**What is needed**. Only one span is wanted from the lines below: from the one with "Эмаль-аэрозоль MAV Belakor" up to and including the one with "行事についてのお話や紙芝居を". Copy it exactly, without images.

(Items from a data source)
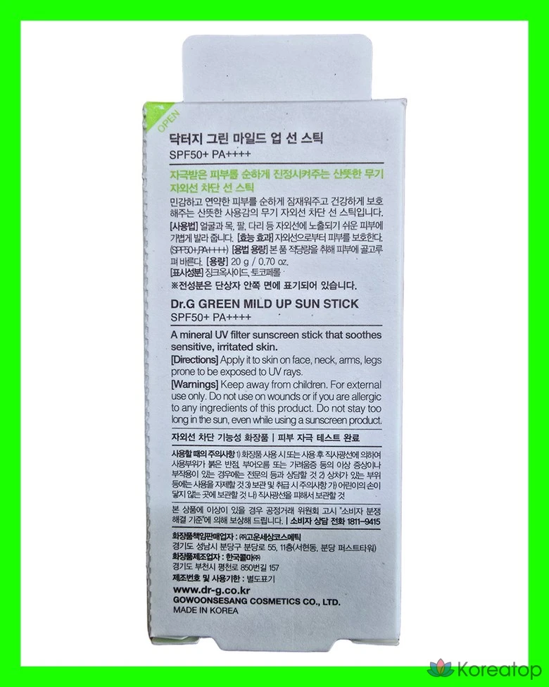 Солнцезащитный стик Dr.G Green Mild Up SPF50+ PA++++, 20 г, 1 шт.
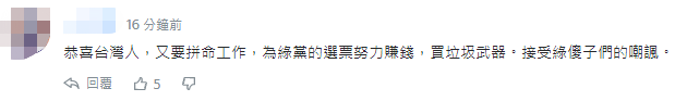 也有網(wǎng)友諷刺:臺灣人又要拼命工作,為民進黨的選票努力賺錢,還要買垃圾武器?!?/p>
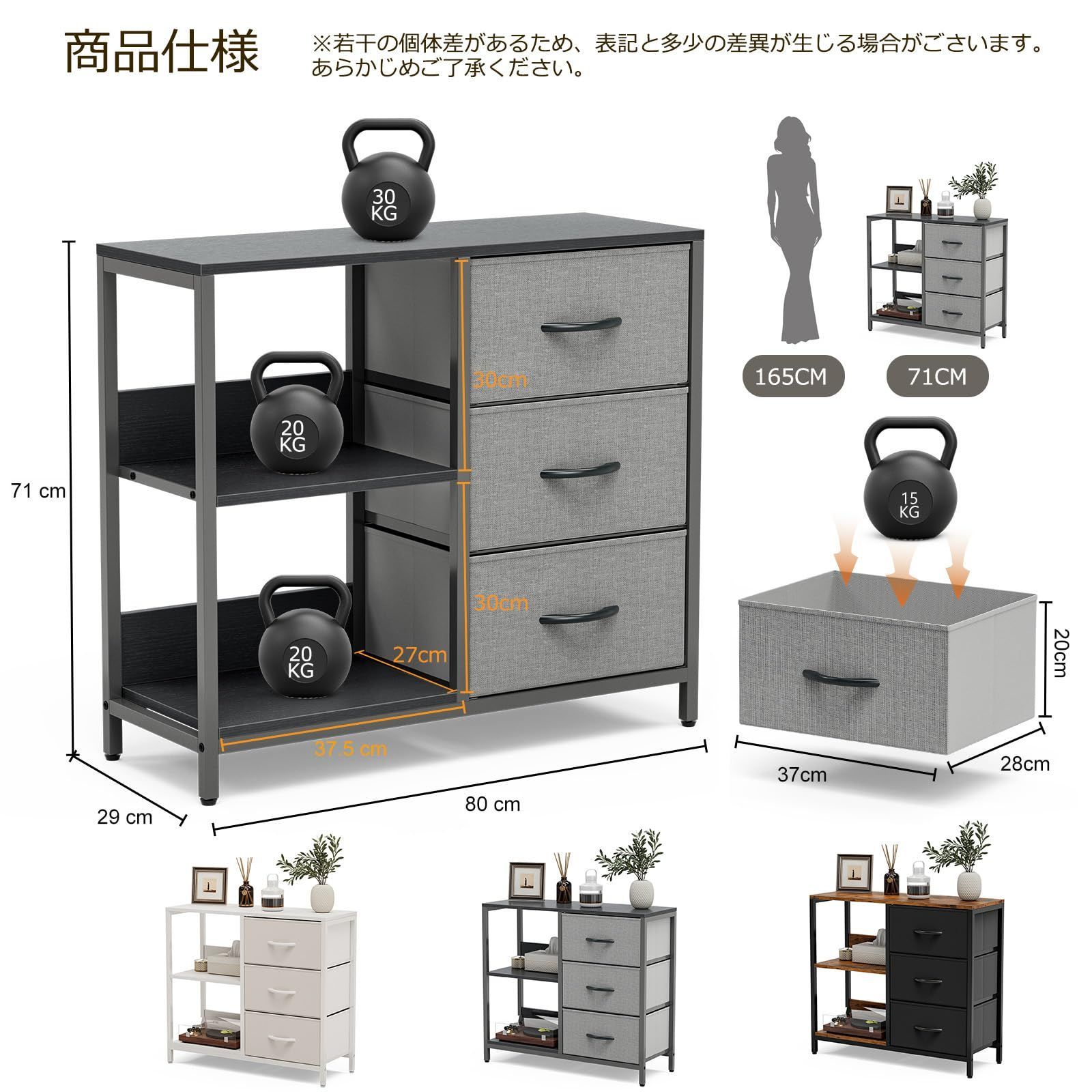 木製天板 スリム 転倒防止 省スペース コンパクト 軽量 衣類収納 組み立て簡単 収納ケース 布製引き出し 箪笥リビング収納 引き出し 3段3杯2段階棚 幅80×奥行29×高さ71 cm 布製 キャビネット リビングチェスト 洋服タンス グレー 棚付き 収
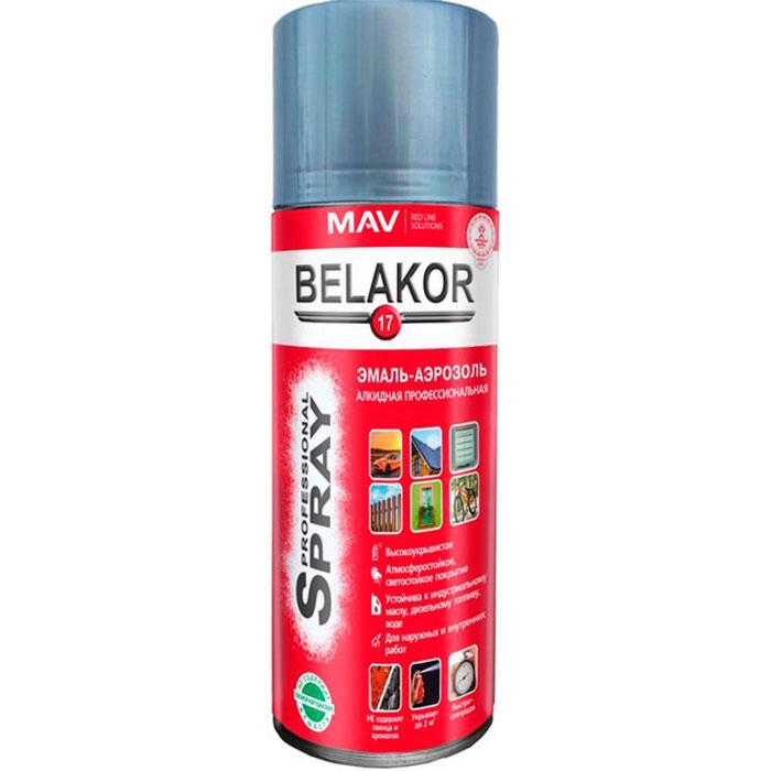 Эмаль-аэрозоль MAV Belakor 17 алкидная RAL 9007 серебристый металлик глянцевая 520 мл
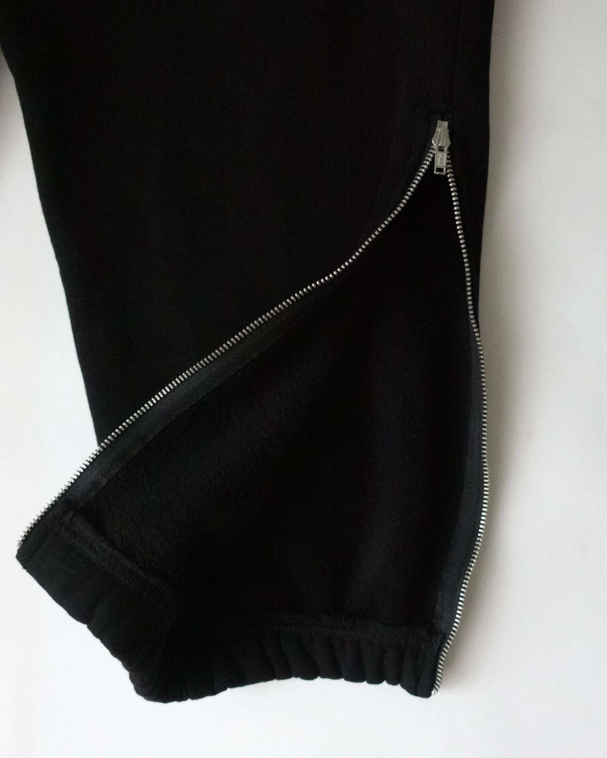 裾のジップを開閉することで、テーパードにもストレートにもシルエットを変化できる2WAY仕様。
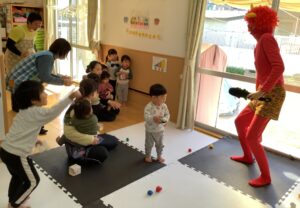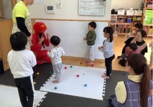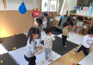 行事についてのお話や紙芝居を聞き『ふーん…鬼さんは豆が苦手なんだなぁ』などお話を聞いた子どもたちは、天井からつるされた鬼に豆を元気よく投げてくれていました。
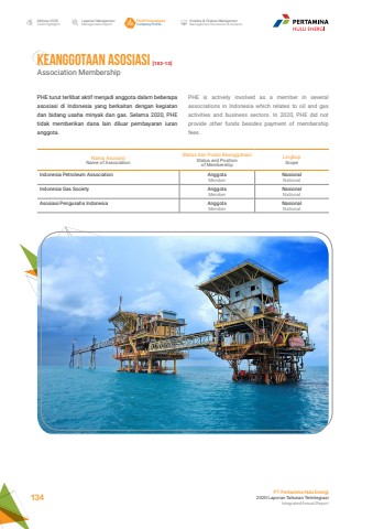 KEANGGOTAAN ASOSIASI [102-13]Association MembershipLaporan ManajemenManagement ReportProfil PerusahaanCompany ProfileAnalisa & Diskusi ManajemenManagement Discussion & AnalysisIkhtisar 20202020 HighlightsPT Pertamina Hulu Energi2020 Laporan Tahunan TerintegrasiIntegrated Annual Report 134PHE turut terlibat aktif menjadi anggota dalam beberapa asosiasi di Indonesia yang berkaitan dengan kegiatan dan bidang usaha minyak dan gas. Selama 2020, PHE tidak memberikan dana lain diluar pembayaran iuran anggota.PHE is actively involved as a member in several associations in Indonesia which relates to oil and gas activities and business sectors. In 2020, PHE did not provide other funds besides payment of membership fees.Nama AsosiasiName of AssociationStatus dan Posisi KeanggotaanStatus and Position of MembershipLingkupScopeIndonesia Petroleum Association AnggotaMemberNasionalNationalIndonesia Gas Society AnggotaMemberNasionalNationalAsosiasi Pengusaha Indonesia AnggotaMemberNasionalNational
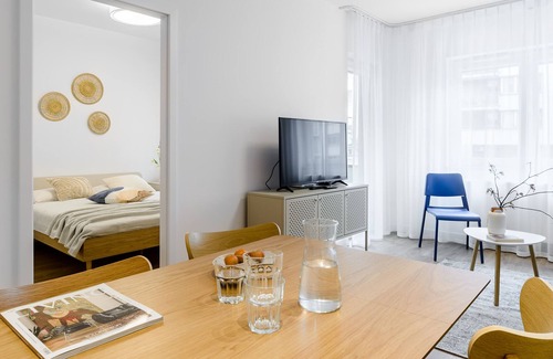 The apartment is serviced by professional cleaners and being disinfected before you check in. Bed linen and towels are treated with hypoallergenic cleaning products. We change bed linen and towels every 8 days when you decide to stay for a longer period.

**Expected answer**.
 Эмаль-аэрозоль MAV Belakor 17 алкидная RAL 9007 серебристый металлик глянцевая 520 мл
 裾のジップを開閉することで、テーパードにもストレートにもシルエットを変化できる2WAY仕様。
 行事についてのお話や紙芝居を聞き『ふーん…鬼さんは豆が苦手なんだなぁ』などお話を聞いた子どもたちは、天井からつるされた鬼に豆を元気よく投げてくれていました。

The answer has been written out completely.